A Contract with the Earth
- First edition
- Author: Newt Gingrich and Terry L. Maple
- Language: English
- Publisher: 2007 (Johns Hopkins University Press)
- Publication place: USA
- Pages: 256 pages
- ISBN: 978-0-8018-8780-2
- Preceded by: Rediscovering God in America
- Followed by: Real Change: From the World That Fails to the World That Works

= A Contract with the Earth =

2007 book by Newt Gingrich

A Contract with the Earth is a book by Newt Gingrich and Terry L. Maple, with a foreword by E. O. Wilson. Its title is derived from a 10-point "contract" the authors put forward in the book.

==Synopsis==
A Contract with the Earth is, broadly, a manifesto that challenges those on the right to provide a strategy for repairing the planet and calls on the government to embrace the concept that a healthy environment is required for a healthy democracy and economy. This approach, alternately branded mainstream and entrepreneurial environmentalism by the authors,
 requires that companies should lead the way in environmental issues while governments provide them with incentives to reduce their carbon footprint.

With its 10 "commandments", A Contract with the Earth calls for politicians to abandon adversarial politics and for business and conservationists to form compatible partnerships.

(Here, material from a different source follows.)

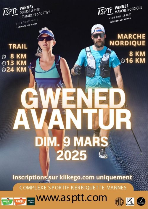 Week-end multisport avec le Gwened Trail Avantur. Dimanche, 3 trails, ainsi qu'une marche nordique. Départ et arrivée sur le complexe pour toutes les épreuves. Ravitaillement sur les circuits. Douche sur place.

In one of the book's themes, Gingrich and Maple argue that environmental efforts shouldn't be exclusive to one political philosophy and reject the idea that free enterprise and a cleaner world are opposing forces.

The book generated a storm of media attention in late 2007 and early 2008 as the U.S. presidential campaign began to heat up. Gingrich in particular made numerous media appearances arguing that the Republican Party was losing popular support because their response to environmental policy was simply, as he put it, "NO!" Maple toured the country as Gingrich's stand-in, most notably before the Republicans for Environmental Protection (REP, www.repamerica.org) during their annual meeting (at which John McCain was endorsed as the most "green" of the Republican presidential candidates). In 2008 Gingrich published another book that advocated oil drilling, Drill Here, Drill Now, Pay Less, and many pundits called his environmental commitment into question. However, this book's fifth chapter provided an argument for environmental protection. Like many aspects of Gingrich's career, his interest in environmental issues has generated controversy.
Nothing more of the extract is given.